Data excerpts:
[Start of Attachment]
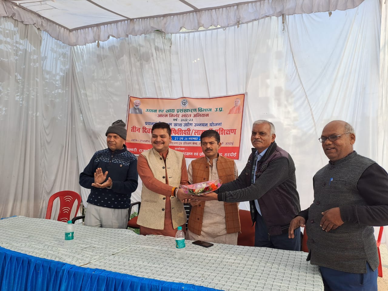हरदोई।प्रभारी राजकीय सामुदायिक फल संरक्षण एवं प्रशिक्षण केन्द्र  राम औतार ने बताया है कि राजकीय फल संरक्षण केन्द्र लक्ष्मी बिहार कालोनी मेें प्रधानमंत्री सूक्ष्म खाद्य उद्योग उन्नयन योजना के अन्तर्गत आयोजित तीन दिवसीय प्रशिक्षण का आयोजन किया गया जिसमें विभिन्न विभागों के व्याख्याताओं ने अपने विचार रखें और इसी कड़ी में आज प्रशिक्षण के अन्तिम दिन सभासद मुनि मिश्रा द्वारा कार्यक्रम का समापन किया। इस अवसर पर उपायुक्त उद्योग सुनील कुमार त्रिपाठी, एलडीएम जेपी सिंह, परवीन कुमार, अनूप श्रीवास्तव, जगरूप् सिंह तथा अजय कुमार आदि उपस्थित रहें।
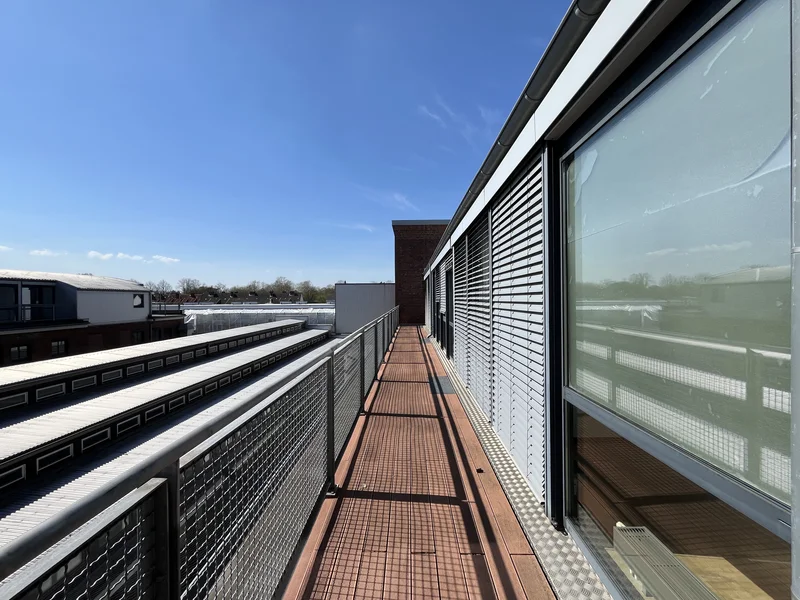 Die technisch sehr hochwertige Ausstattung der Büroflächen entspricht neuesten Standards: Hohlraumböden für Eure IT-Verkabelung, maßgeschneiderte Beleuchtungs- und Akustikkonzepte sowie der außenliegende Sonnenschutz schaffen ein rundum modernes, angenehmes und professionelles Arbeitsklima. Die schönen Terrassen- und Innenhofflächen sind der ideale Ort für die Tasse Kaffee zwischendurch.
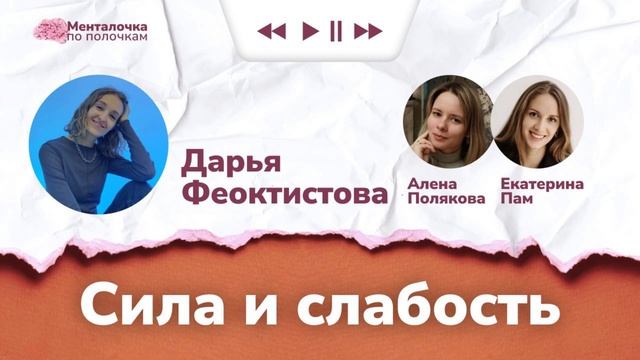Подписывайтесь на телеграм-канал "Менталочка по полочкам": https://t.me/mentalochka_daily В этом выпуске: ⏺️Вместе с Дарьей Феоктистовой (https://t.me/mentalochka_daily/1386) обсудили такие понятия, как сила и слабость; ⏺️Поговорили о том, как с этими понятиями связана уязвимость; ⏺️Обсудили причины "мнимой" силы. Мы есть в социальных сетях: ►Телеграм: https://t.me/mentalochka_daily ►Дзен: https://dzen.ru/mentalochka_daily ►ВК: https://vk.com/mentalochka_daily
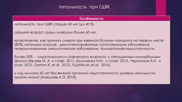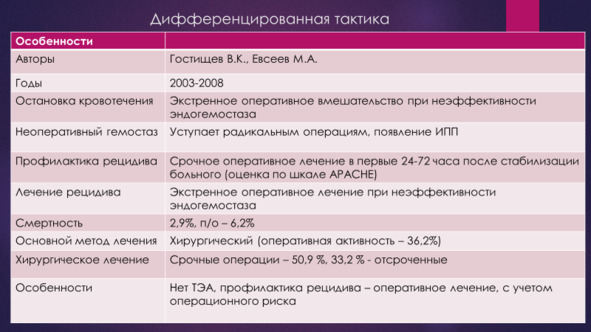 Таким образом, высокий риск операции, имеющийся у пожилых коморбидных больных, является на ряду с риском рецидива ГДЯК важным фактором летальности, который должен учитываться при выборе тактики лечения. У этой категории больных важно избегать операции, предпочтительным является неоперативный гемостаз, а в случае выполнения операции предпочтительными являются щадящие не радикальные, а условно-радикальные, паллиативные операции. Выработка тактики лечения с учетом риска рецидива ГДЯК и операционного риска легло в основу создания дифференцированной тактики.
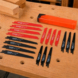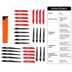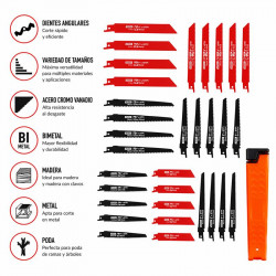 . Pack: 16 unidades.. 1 x Sierra corte fino y curvo para madera: 12 dientes/pulgada y 50 mm longitud de corte.. 2 x Sierra corte fino para madera: 10 dientes/pulgada y 75 mm longitud de corte.. 3 x Sierra multiusos corte uniforme: 10 dientes/pulgada y 60 mm longitud de corte.. 2 x Sierra corte rápido para metal: 14 dientes/pulgada y 50 mm...
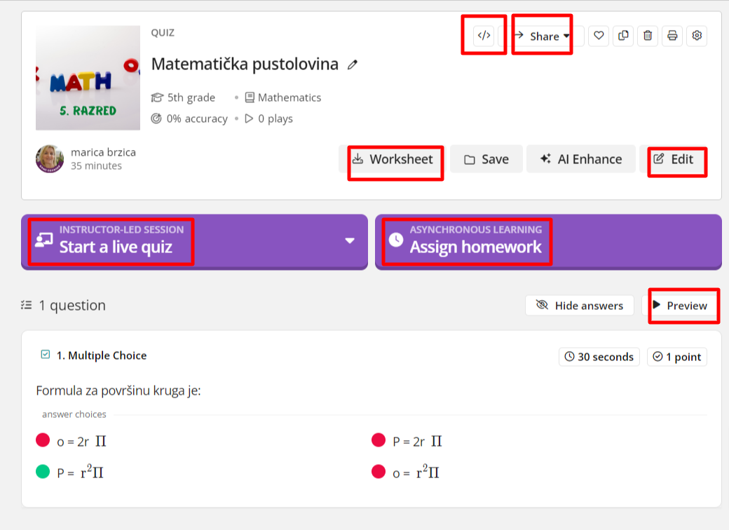 Nakon što ste kviz učinili javnim, možete ga podijeliti s kolegama pomoću poveznice ili pozivom direktno na mail (Share), stvoriti ugradbeni kod te ga ugraditi na npr. web stranicu ( </> ). Ako želite da ga učenici rješavaju bez uporabe digitalnih tehnologija, možete ga isprintati u fizičkom obliku (Worksheet). Ako poželite nešto promijeniti, postoji gumb i za to. Kliknite na Edit te mijenjajte što god želite. Pomoću gumba Preview možete vidjeti kako kviz izgleda kad ga se pokrene.
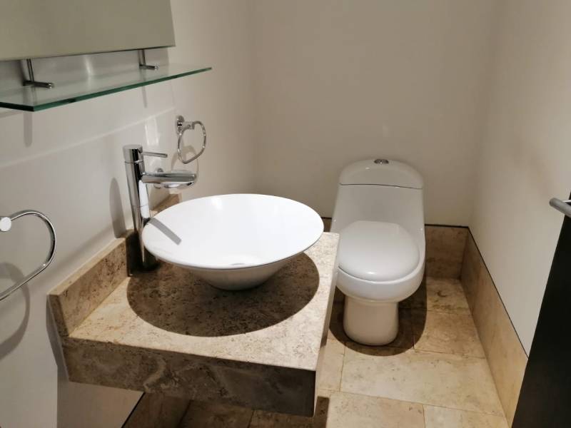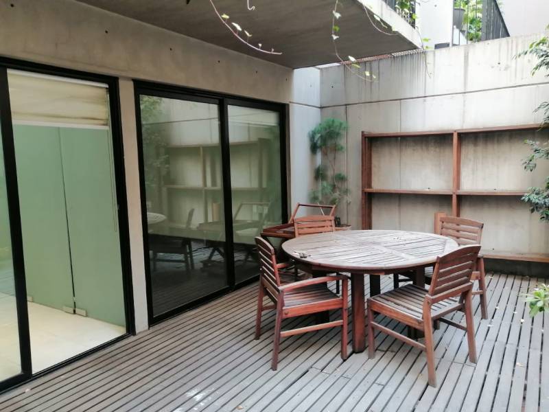 92 m2 de departamento + 32 m2 de terraza, 1 recámara, 1.5 baños y 1 lugar de estacionamiento, cuenta con refrigerador.
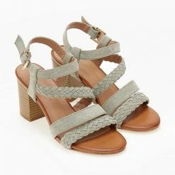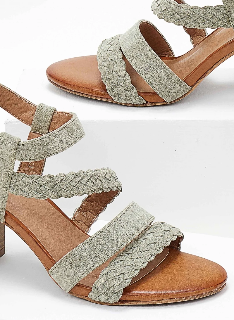 Πέδιλα suede με πλεκτό σχέδιο στα λουράκια. Έχουν χοντρό ξύλινο τακούνι. Δένουν στο πλάι με λουράκι. Στρογγυλή γραμμή.
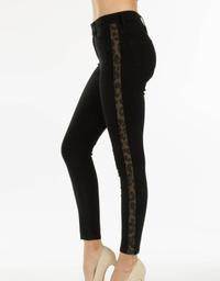 Elevate your travel wardrobe with the Women's High Rise Leopard Striped Jean by KanCan, featuring a bold animal pattern in a sleek black hue. These jeans offer a stylish skinny leg profile with a flattering high rise. Closure: Button closure. Perfect for fall adventures, they'll add a wild touch to your look
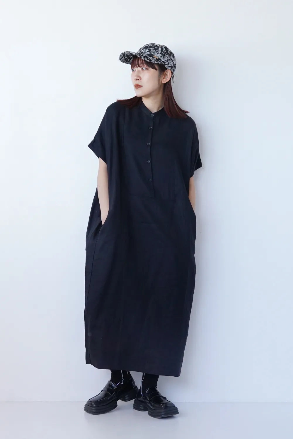 リネン×レーヨン ヨーク切替ワイドワンピース
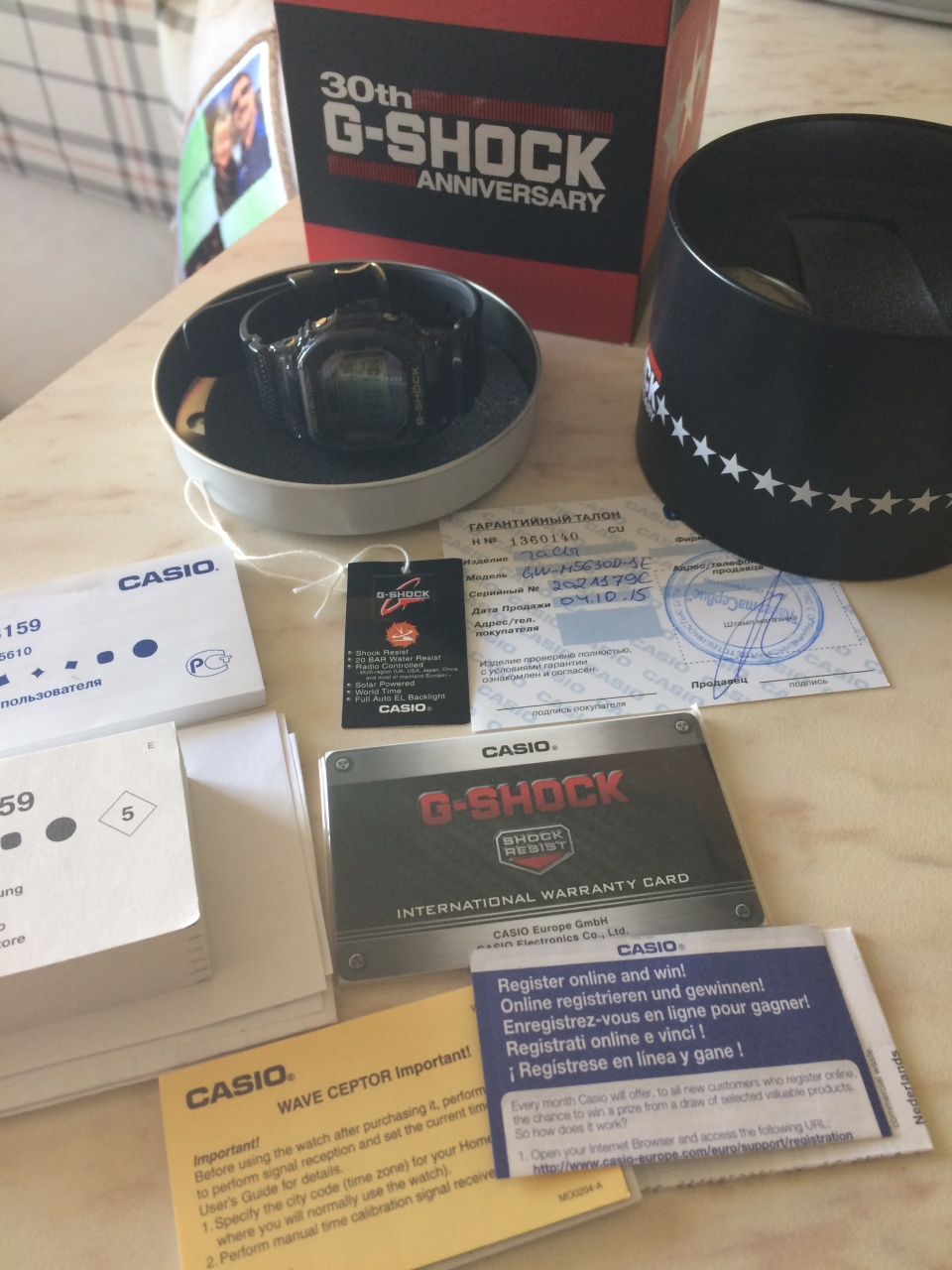 Лимитированная модель в черном корпусе, выпущенная на 30-летие бренда G-SHOCK. Юбилейная упаковка, золотые кнопки, застежка и задняя крышка, карбоновая текстура.
[End of Attachment]
WHAT NEEDS TO BE DONE:
Of the lines above, copy only those from the one holding "Die technisch sehr" to the one holding "Подписывайтесь на телеграм-канал", both included, and exclude every image.

EXPECTED ANSWER:
 Die technisch sehr hochwertige Ausstattung der Büroflächen entspricht neuesten Standards: Hohlraumböden für Eure IT-Verkabelung, maßgeschneiderte Beleuchtungs- und Akustikkonzepte sowie der außenliegende Sonnenschutz schaffen ein rundum modernes, angenehmes und professionelles Arbeitsklima. Die schönen Terrassen- und Innenhofflächen sind der ideale Ort für die Tasse Kaffee zwischendurch.
Подписывайтесь на телеграм-канал "Менталочка по полочкам": https://t.me/mentalochka_daily В этом выпуске: ⏺️Вместе с Дарьей Феоктистовой (https://t.me/mentalochka_daily/1386) обсудили такие понятия, как сила и слабость; ⏺️Поговорили о том, как с этими понятиями связана уязвимость; ⏺️Обсудили причины "мнимой" силы. Мы есть в социальных сетях: ►Телеграм: https://t.me/mentalochka_daily ►Дзен: https://dzen.ru/mentalochka_daily ►ВК: https://vk.com/mentalochka_daily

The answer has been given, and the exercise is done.